The lines to return are those from the line holding "英国皇家格拉夫顿东方花朵Ma" through the last line of the entries below, both included, written exactly and without pictures.

Task data section start

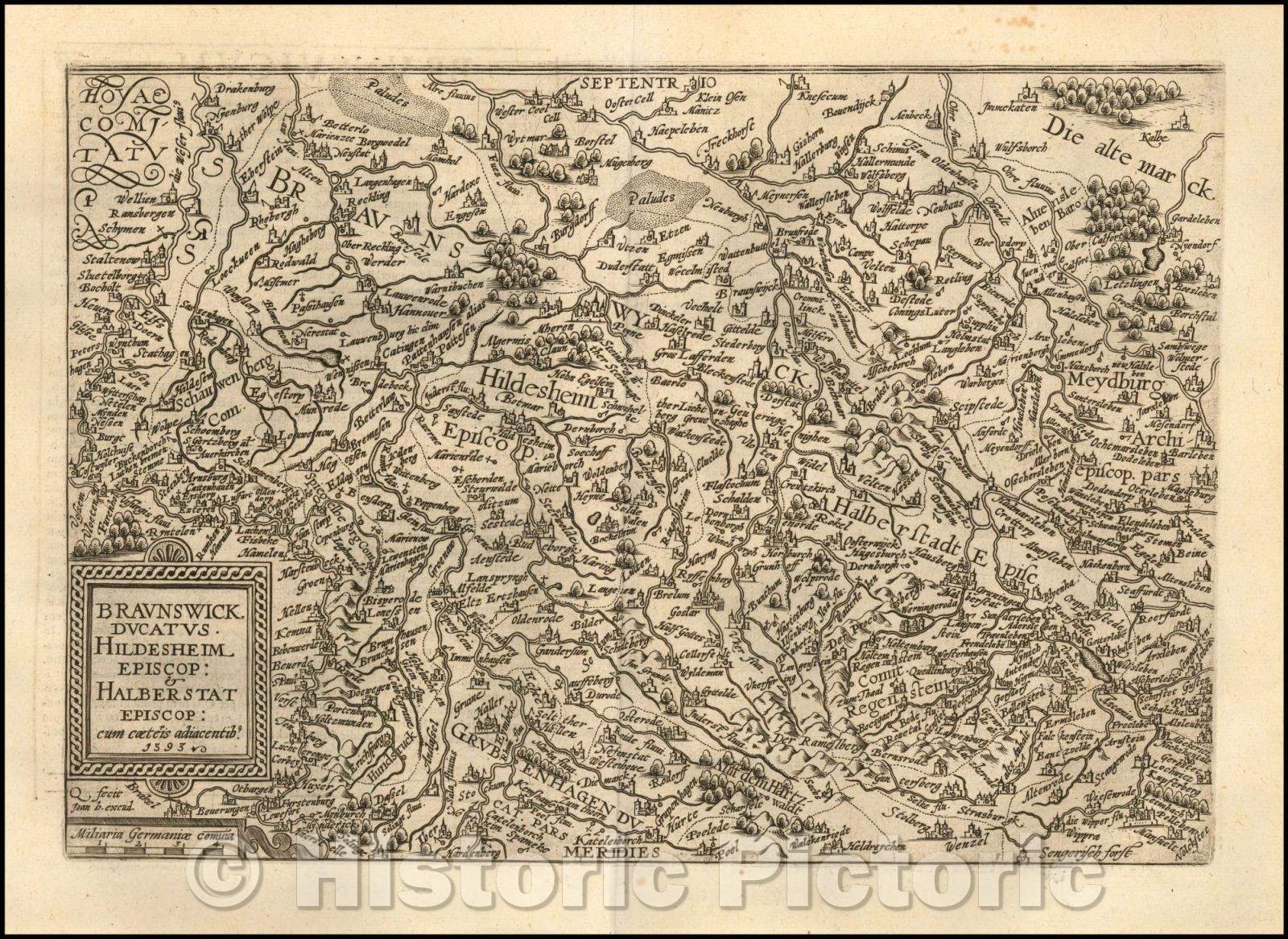 Historic Map - Braunswick Ducatus Hildesheim Episcop & Halberstat Episcop. cum caeteis adiacentibs/Map of the northeastern of Germany, 1593, Matthias Quad - Vintage Wall Art
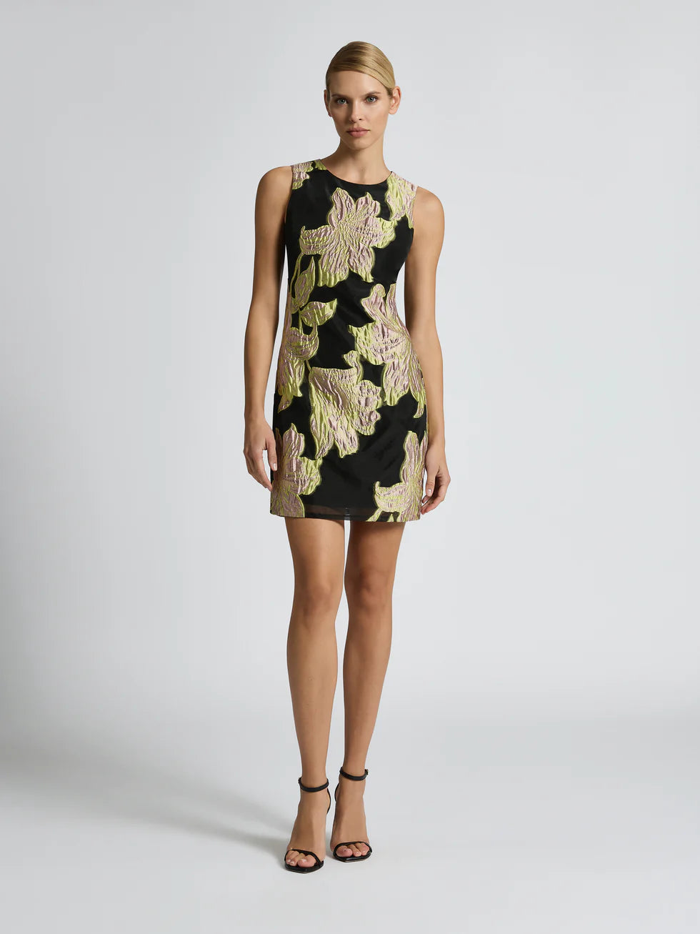 Inspired by vintage 1950’s glamour the Florence Mini is crafted from an exclusive two-tone floral jacquard in citrus and pink on a contrasting black organza. The fully lined classic mini shift is shaped to fit the body with a round neckline and straight skirt finishing above the knee. An easy to wear cocktail or special event showstopper.
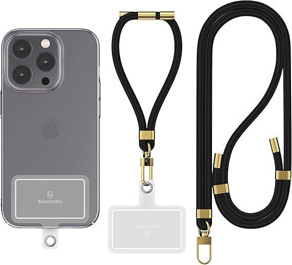 MJ-H322★[Sinjimoru] 2本【タグパッチ改良】 スマホストラップ、スマホショルダーストラップ・スマホハンドストラップとの2本入り スマホストラップ首掛け iPhone落下防止 紛失防止 長さ調整可能 ワイヤレス充電 携帯ストラップ Hand Shoulder Strap set Black
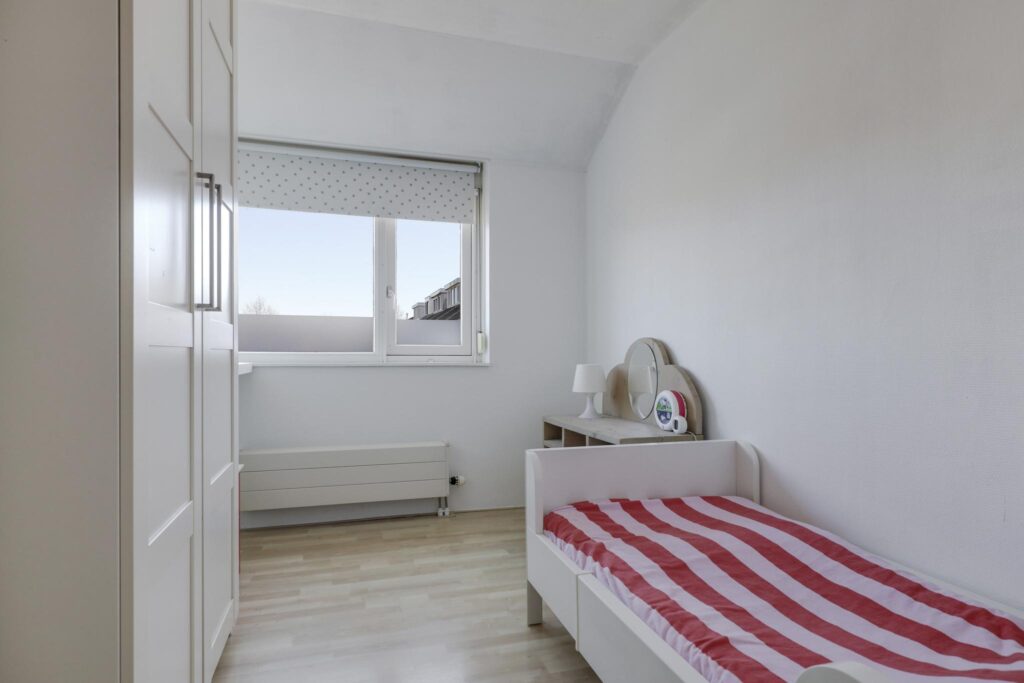 De hoofdslaapkamer is over de volle breedte van de woning gelegen en geeft een ruimtelijk en prettig gevoel. De overige 2 slaapkamers zijn bijna identiek aan elkaar en zijn prima kinderkamers. Erg praktisch zijn de aanwezige rolluiken waardoor de kamers volledig te verduisteren zijn. De grootste op de ouderslaapkamer is elektrisch bedienbaar. En om het af te maken zijn de openslaande ramen v.v. rolhorren, waardoor er geen ongewenste insecten naar binnen kunnen vliegen.
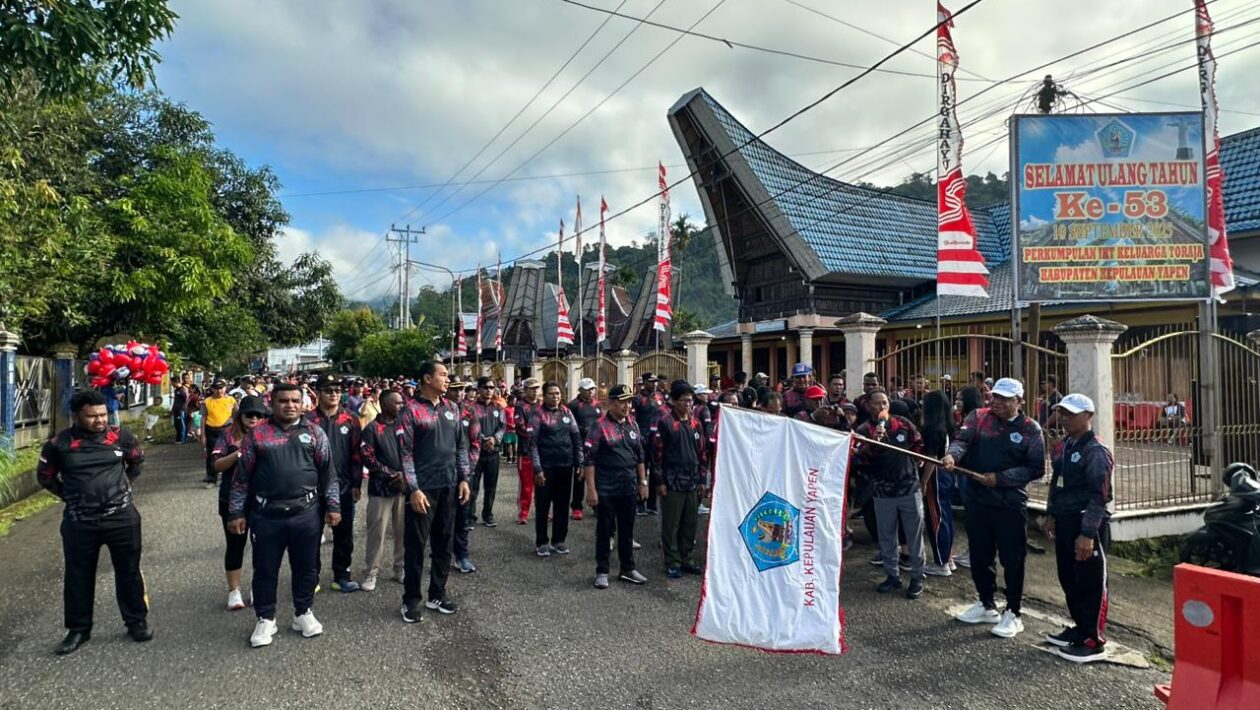 (pelitaekspres.com) -SERUI – Pagi itu, udara segar Serui semakin semarak dengan keceriaan ratusan warga yang berkumpul di Gedung Tongkonan. Mereka datang dengan penuh antusias, mengenakan pakaian olahraga berwarna-warni, siap mengikuti jalan santai berhadiah dalam rangka memperingati Hari Ulang Tahun ke-53 Perkumpulan Ikatan Keluarga Toraja (IKT) Kabupaten Kepulauan Yapen.
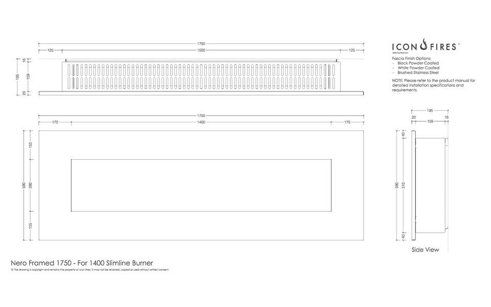 Настенный биокамин Nero 1750B с декоративной рамкой чёрного цвета комплектуется горелкой ICON FIRES Slimline 1400mm.
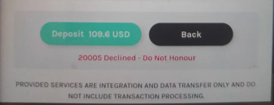 عدم احترام أو رفض المعاملة من قبل جهة إصدار البطاقة هي الرسالة الأكثر شيوعًا والعامة لمعاملات البطاقة التي يرفضها البنك. يشير إلى أن البنك المصدر لن يتحقق من صحة المعاملة. يحدث هذا بسبب العديد من العوامل مثل الخطأ في الكتابة ، وعدم كفاية الأموال ، ولكن يمكن أيضًا حظر البطاقة للمدفوعات عبر الإنترنت.
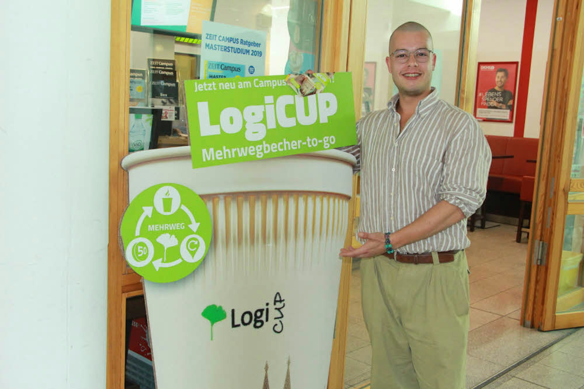 Auch ein Mehrwegbecher spart Ressourcen. Marco Ettelt gehört zum Team.
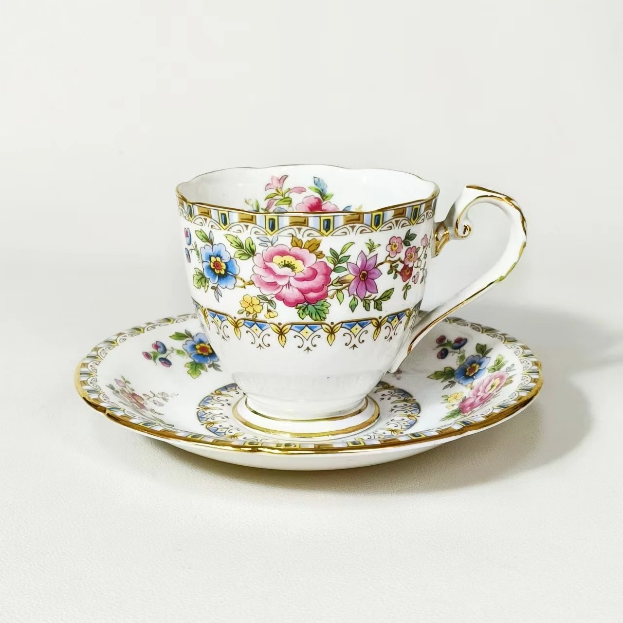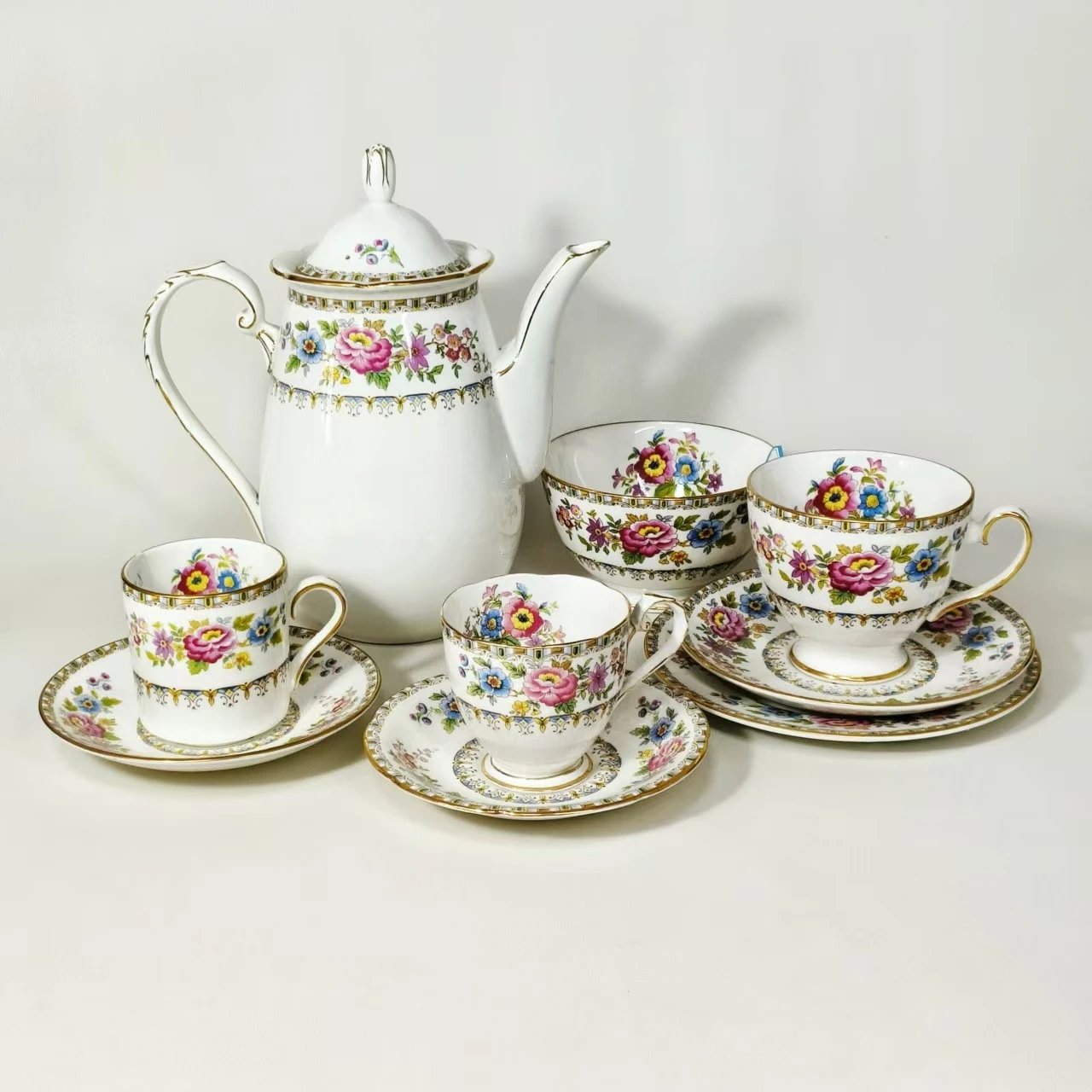 英国皇家格拉夫顿东方花朵Malvern系列下午茶套组,富丽堂皇的宫廷风边沿设计让金边闪烁光芒,富贵牡丹在美好的季节迎风盛开,百花簇拥着花中之后,场景雍容华贵,美不胜收。
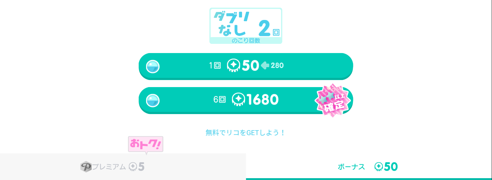 連ガチャを考えている場合は、1回280リコとクオリティのわりに割高価格なのでぶっちゃけおススメはしないってところになりますね( ´_ゝ`)フーン

Task data section end

*Answer to this problem:*
 英国皇家格拉夫顿东方花朵Malvern系列下午茶套组,富丽堂皇的宫廷风边沿设计让金边闪烁光芒,富贵牡丹在美好的季节迎风盛开,百花簇拥着花中之后,场景雍容华贵,美不胜收。
 連ガチャを考えている場合は、1回280リコとクオリティのわりに割高価格なのでぶっちゃけおススメはしないってところになりますね( ´_ゝ`)フーン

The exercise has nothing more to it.